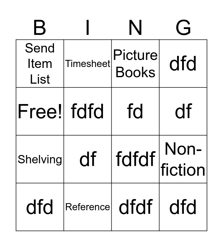 This bingo card has 16 words: Reference, Non-fiction, Picture Books, Send Item List, Shelving, Timesheet, fdfdf, dfdf, Free!, fdfd, dfd, dfd, df, df, fd and dfd.
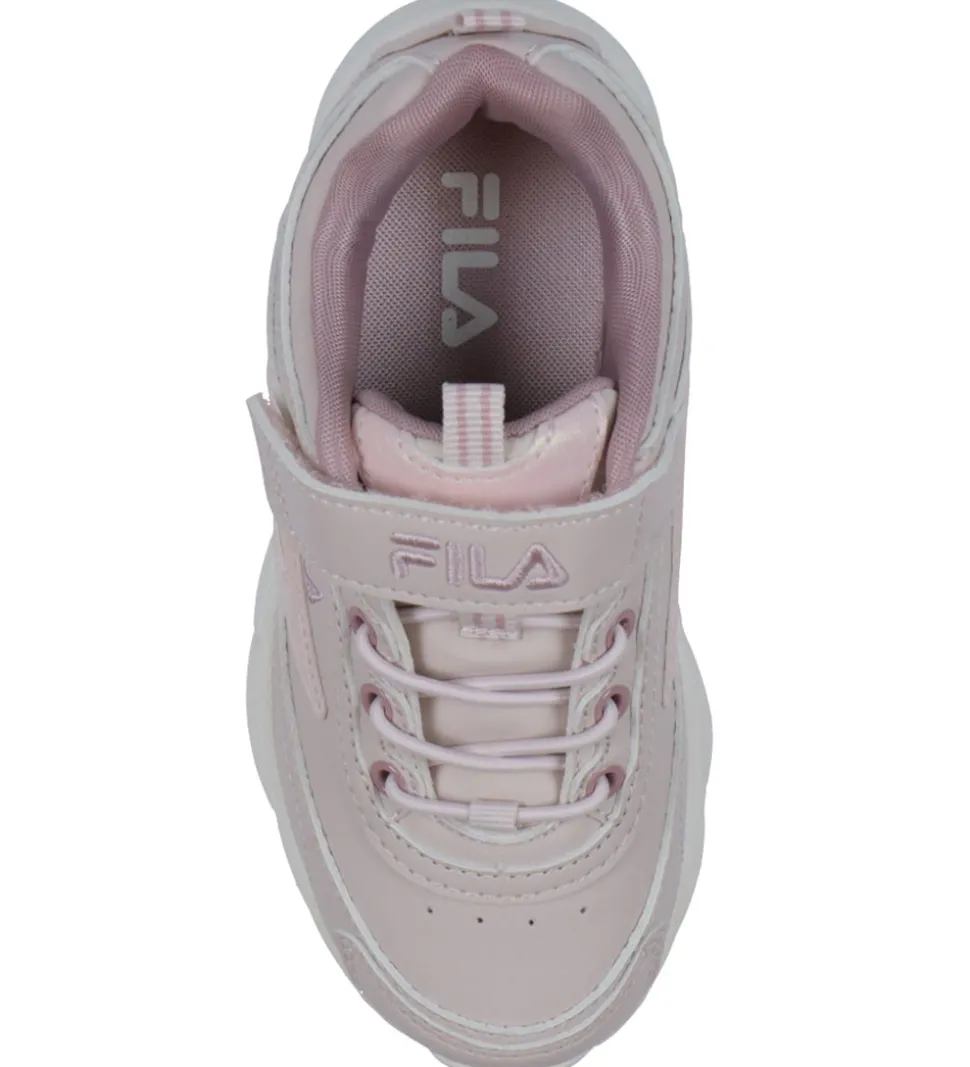 Fila skoene har elastiske snøre over vristen og lukkes øverst med en velcrorem. Skoene har mørk rosa tekstil på indersiden, og de har bløde, udtagelige indersåler. Skoene har kraftige og fleksible ydersåler, som er lavet i et letvægtigt materiale.
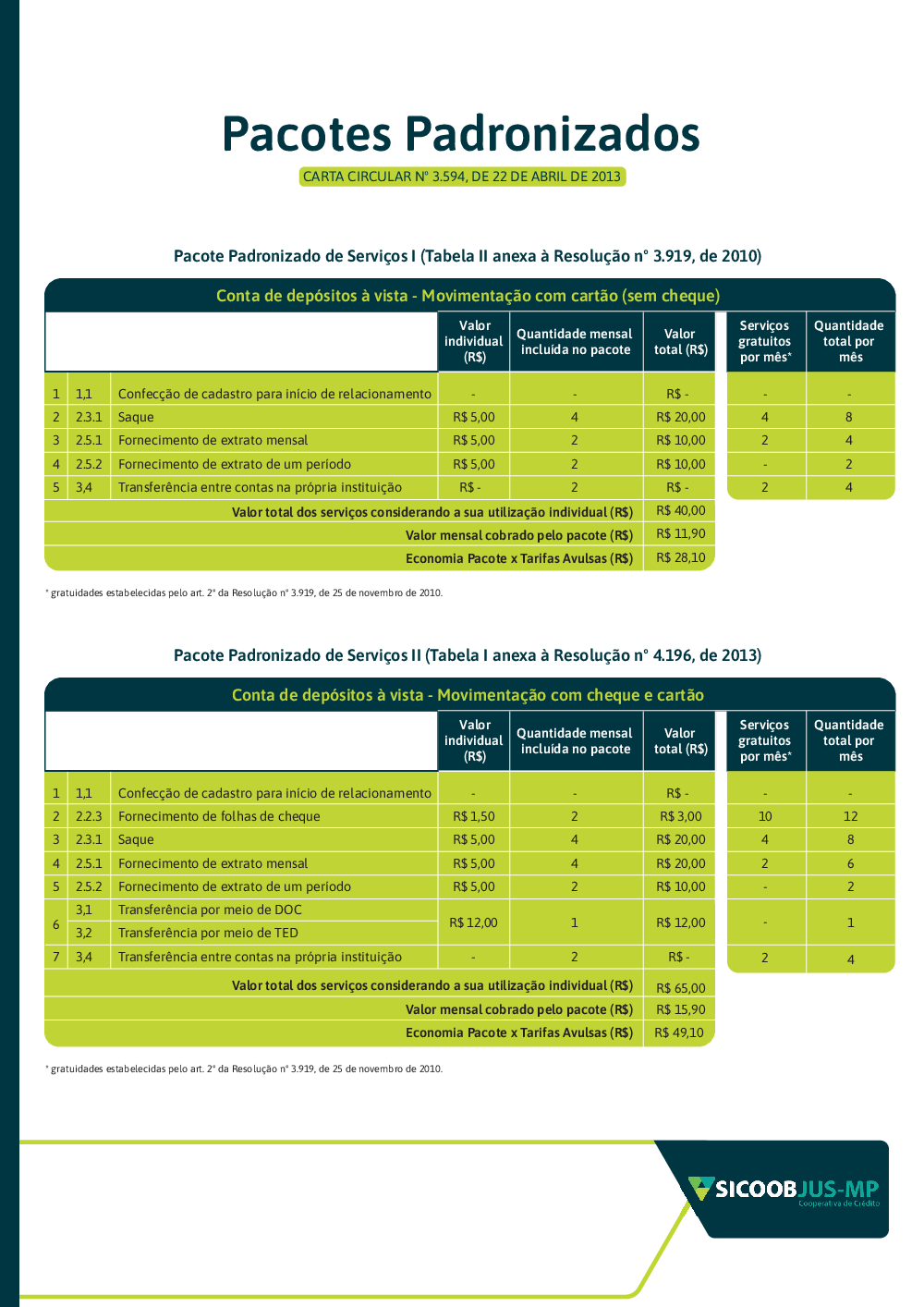 Tabela Geral de Tarifas - Sicoob JUS-MP
++++++++++
Pictures do not belong in the copy. Reproduce the rest of the data exactly.

 This bingo card has 16 words: Reference, Non-fiction, Picture Books, Send Item List, Shelving, Timesheet, fdfdf, dfdf, Free!, fdfd, dfd, dfd, df, df, fd and dfd.
 Fila skoene har elastiske snøre over vristen og lukkes øverst med en velcrorem. Skoene har mørk rosa tekstil på indersiden, og de har bløde, udtagelige indersåler. Skoene har kraftige og fleksible ydersåler, som er lavet i et letvægtigt materiale.
 Tabela Geral de Tarifas - Sicoob JUS-MP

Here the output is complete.